WHAT THE TASK REQUIRES: Starting at the first line of the entries below, restate each line exactly until you reach the line with "West Garden - это", and print that one too. Leave the pictures out and stop there.

RECORDS SHOWN:
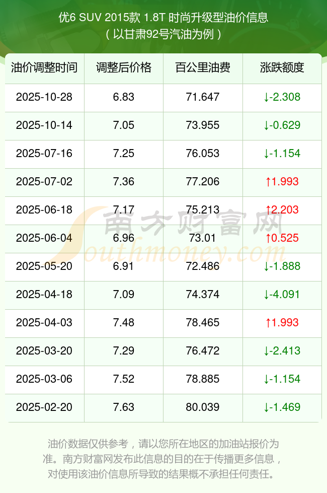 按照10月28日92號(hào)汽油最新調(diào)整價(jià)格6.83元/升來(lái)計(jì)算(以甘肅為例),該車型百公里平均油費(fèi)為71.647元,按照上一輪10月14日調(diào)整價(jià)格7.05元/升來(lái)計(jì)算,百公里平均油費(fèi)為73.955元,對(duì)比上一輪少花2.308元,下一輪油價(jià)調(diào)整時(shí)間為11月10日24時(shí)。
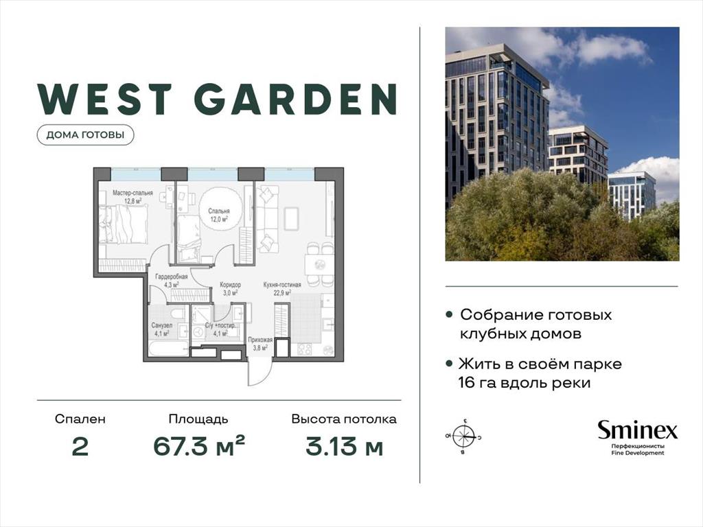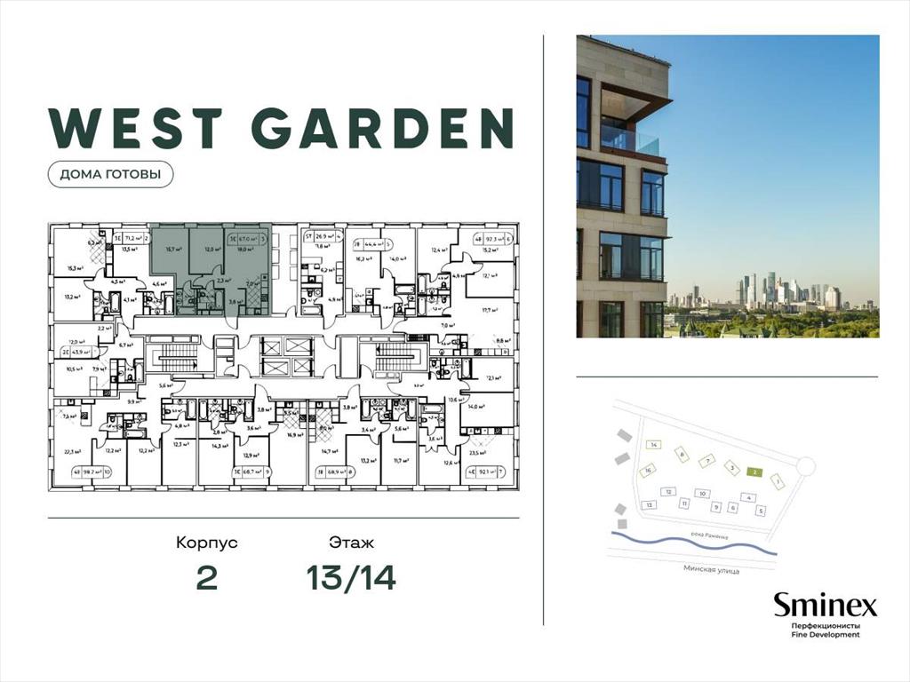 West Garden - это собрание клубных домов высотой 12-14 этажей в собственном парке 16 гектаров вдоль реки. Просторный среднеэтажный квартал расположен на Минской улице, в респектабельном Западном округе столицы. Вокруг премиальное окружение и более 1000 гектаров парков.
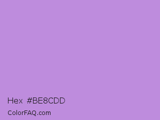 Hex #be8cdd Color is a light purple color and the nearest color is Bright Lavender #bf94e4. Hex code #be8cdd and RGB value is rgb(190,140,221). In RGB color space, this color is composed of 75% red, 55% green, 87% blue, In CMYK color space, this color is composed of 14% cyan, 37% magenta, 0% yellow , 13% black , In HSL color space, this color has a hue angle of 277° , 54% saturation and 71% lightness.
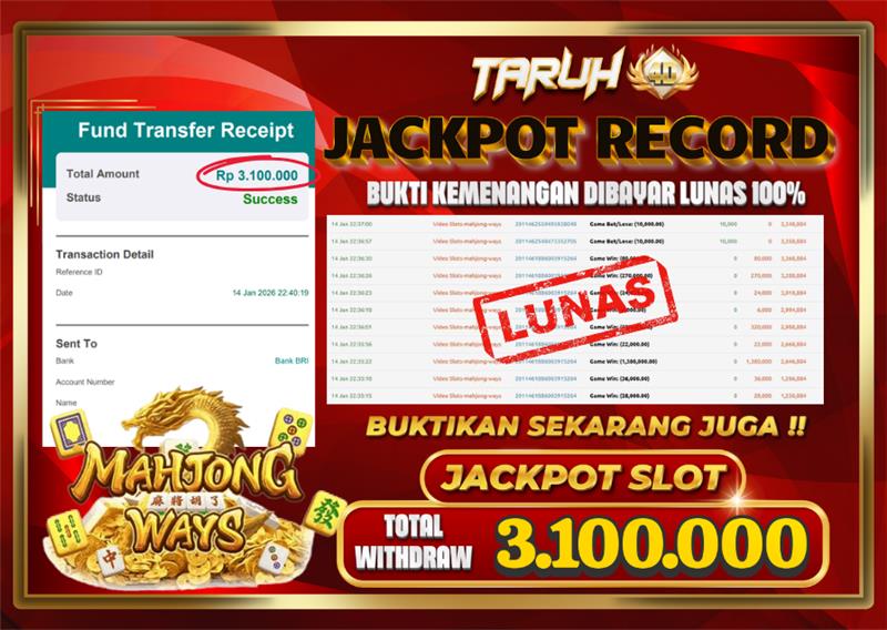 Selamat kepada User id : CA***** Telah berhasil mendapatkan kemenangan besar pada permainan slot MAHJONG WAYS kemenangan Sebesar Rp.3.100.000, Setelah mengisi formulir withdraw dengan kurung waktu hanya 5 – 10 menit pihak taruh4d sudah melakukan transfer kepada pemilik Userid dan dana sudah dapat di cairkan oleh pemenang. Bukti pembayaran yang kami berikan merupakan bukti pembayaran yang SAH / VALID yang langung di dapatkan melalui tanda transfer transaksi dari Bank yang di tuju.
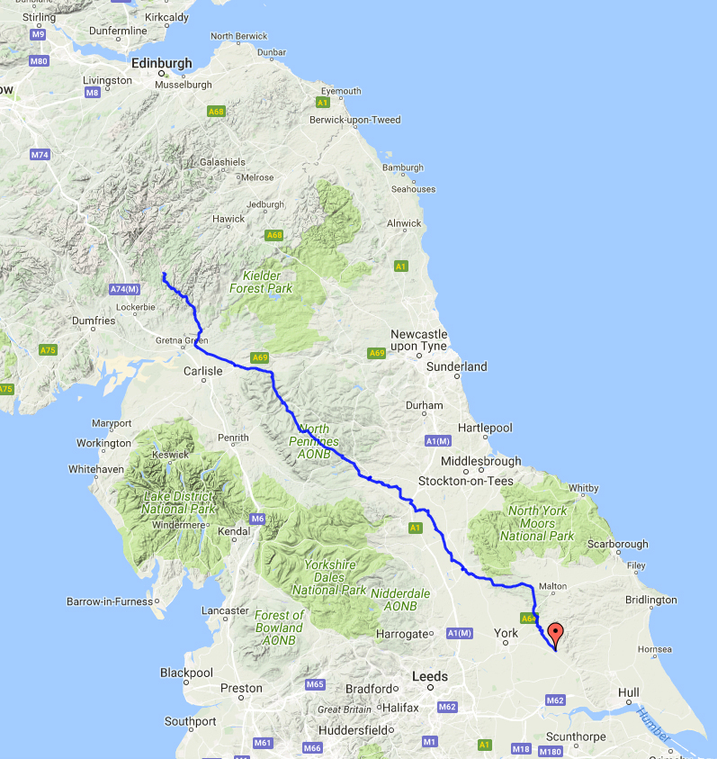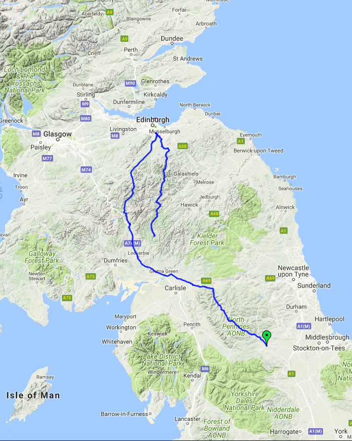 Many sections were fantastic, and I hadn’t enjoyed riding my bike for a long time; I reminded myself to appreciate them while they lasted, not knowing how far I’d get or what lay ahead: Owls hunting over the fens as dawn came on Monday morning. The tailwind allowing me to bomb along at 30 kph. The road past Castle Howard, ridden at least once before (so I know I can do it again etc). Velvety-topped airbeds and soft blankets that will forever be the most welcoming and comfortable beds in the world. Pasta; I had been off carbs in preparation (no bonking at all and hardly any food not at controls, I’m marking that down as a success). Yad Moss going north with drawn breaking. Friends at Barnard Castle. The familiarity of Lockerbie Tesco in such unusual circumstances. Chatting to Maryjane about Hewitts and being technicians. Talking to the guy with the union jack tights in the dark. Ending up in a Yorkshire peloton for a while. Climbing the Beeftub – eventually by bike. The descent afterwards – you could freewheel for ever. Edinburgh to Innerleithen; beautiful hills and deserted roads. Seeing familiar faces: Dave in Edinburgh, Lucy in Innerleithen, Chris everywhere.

EXERCISE ANSWER:
 按照10月28日92號(hào)汽油最新調(diào)整價(jià)格6.83元/升來(lái)計(jì)算(以甘肅為例),該車型百公里平均油費(fèi)為71.647元,按照上一輪10月14日調(diào)整價(jià)格7.05元/升來(lái)計(jì)算,百公里平均油費(fèi)為73.955元,對(duì)比上一輪少花2.308元,下一輪油價(jià)調(diào)整時(shí)間為11月10日24時(shí)。
 West Garden - это собрание клубных домов высотой 12-14 этажей в собственном парке 16 гектаров вдоль реки. Просторный среднеэтажный квартал расположен на Минской улице, в респектабельном Западном округе столицы. Вокруг премиальное окружение и более 1000 гектаров парков.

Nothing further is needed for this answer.